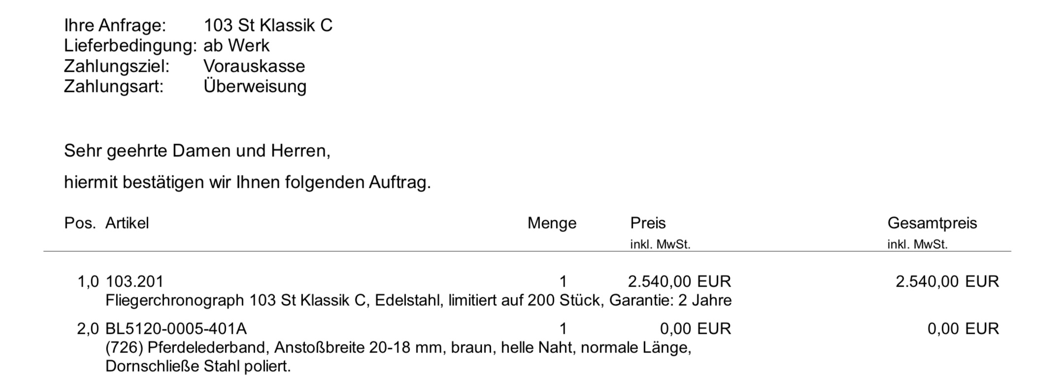In der Mail mit der Auftragsbestätigung steht folgendes.
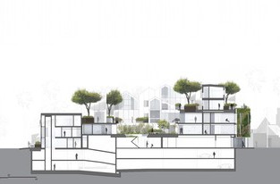 Окруженный этой группой белых «домов» с скатными крышами, внутренний двор 2-го этажа образует центральное ландшафтное пространство (сад) для сбора небольшого количества людей.
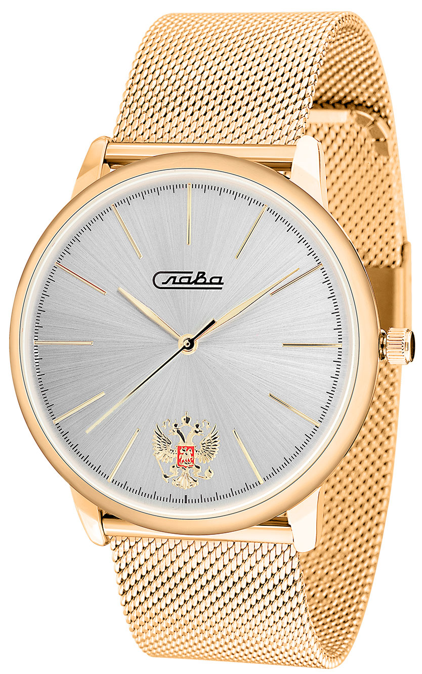 Популярные мужские отечественные часы в золотом стиле без чрезмерной вычурности. Традиция. Циферблат выполнен по технологии Sunray (солнечные лучи). Круглый корпус с задней крышкой из нержавеющей стали. Браслет миланского плетения.

------

TASK BRIEF
Line for line, retype the material exactly, omitting any pictures.

ANSWER BOX
In der Mail mit der Auftragsbestätigung steht folgendes.
 Окруженный этой группой белых «домов» с скатными крышами, внутренний двор 2-го этажа образует центральное ландшафтное пространство (сад) для сбора небольшого количества людей.
 Популярные мужские отечественные часы в золотом стиле без чрезмерной вычурности. Традиция. Циферблат выполнен по технологии Sunray (солнечные лучи). Круглый корпус с задней крышкой из нержавеющей стали. Браслет миланского плетения.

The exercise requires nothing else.